POD Horse Races: Lulu As My Self-Publishing Secret
Win — Place — Show: and the two Print On Demand Races
There’s a lot of promotion going around about the various Print on Demand (POD) publishing outlets.
I’ve used Lulu since 2006 and that isn’t about to change. This was before Ingram and Createspace got into the game.
The main two reasons: cost and quality.
Most people omit Lulu when they talk about POD. To them, its a two-horse race. For me, there is one horse who wins the sprints, one horse who wins the long haul, and an also-ran to merely places.
Here’s the Also-Ran: IngramSpark.
Goes everywhere you want to show up. Highly recommended by the pundits.
Set up cost for each book: $49.
Annual distribution fee: $12 (or it drops out of their catalog and you have to start over.)
Revision fee: $25
Don’t bother with putting your ebook up there. You have to take it down elsewhere, in general.
Sprint Winner: CreateSpace
Great for cheap copies inside Amazon, lousy anywhere else.
You don’t have to pay the 55% distribution costs to get into Amazon that everyone else has. So your CreateSpace paperback is cheaper. And they have most of the sizes that IngramSpark can do for you.
No set up costs. No annual distribution fee. No revision fee. You can get your print book up the day as your ebook on Kindle, and they will both get approved about the same time.
Extended distribution: don’t bother. There are no returns and your book has an Amazon stigma attached to it. Most indie bookstores, distributors and B&N won’t accept a CreateSpace paperback. And you’ll have to raise your price to enable that 55%, or take a huge drop in your royalty. Welcome to the big track, not just the inside track.
Long Haul Winner: Lulu
Set up costs: none. You have to buy a proof at their costs. But you get a copy in your hands, which is satisfying. Revision costs: another proof. (Yes, you pay shipping, but Lulu is always running some discount or other.) Annual distribution fee: none. Your book stays on Ingram from here on out.

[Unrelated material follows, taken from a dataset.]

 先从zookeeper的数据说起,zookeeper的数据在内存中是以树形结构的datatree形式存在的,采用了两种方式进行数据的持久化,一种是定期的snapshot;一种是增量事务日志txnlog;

Most of the “independent” reviews of Lulu tack on all sorts of costs and fees. In actuality, the real costs of printing are that proof you have in your hands. And that is only if you want expanded distribution. Anyone who pays for covers and editing always has that cost. Just like CreateSpace or IngramSpark.
Lulu publishes the three most commonly accepted printing sizes for distribution: trade paperback (6x9), letter size (8.5x11), square (8.5x8.5 — but color interior only.)
Other book version notes:
Lulu and IngramSpark do hardbacks, Create Space doesn’t.

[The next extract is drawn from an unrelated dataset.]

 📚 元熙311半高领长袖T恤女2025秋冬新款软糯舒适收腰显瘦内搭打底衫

Lulu ships your ebook to the major ebook outlets, as long as it’s original. They’ll convert it for you as well.
IngramSpark only takes PDF files for print books. Lulu and Createspace take several types of documents.
Why This Matters for Self-Publishing Authors:
It’s overhead to running your business as a business. Successful authors will have 30–40 or more books up there for their career. I’ve heard many are north of 90. (I’m at several dozen dozen and rising, but not in all formats.) You want to diversify your sales as not everyone wants a Kindle ebook. I get more sales on average from paperbacks than anything else. You want to have audiobook versions, and maybe a course if it’s non-fiction.
Lulu is pretty much set and forget. You have your proof and can simply start marketing your book. It is available everywhere Ingram goes, forever. You can have your ebook, hardback, paperback all from the same content.
Createspace also does CD’s. Think: spoken word albums. But you won’t get your book widely accepted everywhere, and they have had occasional print quality problems.
Ingram does ebooks, paperbacks, and hardbacks. But you can’t revise without costs, you have to pay for all your books to remain in distribution every single year. Not much, but don’t miss that notice…
Booksales income is passive, but it’s not set-and-forget-about-it. Mostly, anyway. If you want to pay extra for stuff, go right ahead. Meanwhile, there are many service providers who will take your book and get it onto IngramSpark for you with all the extra’s you can afford.
Or you can to the work yourself and get started today. And not worry about extra costs at every turn.
That’s why I’ve stuck with Lulu for a decade and don’t see changing anytime soon.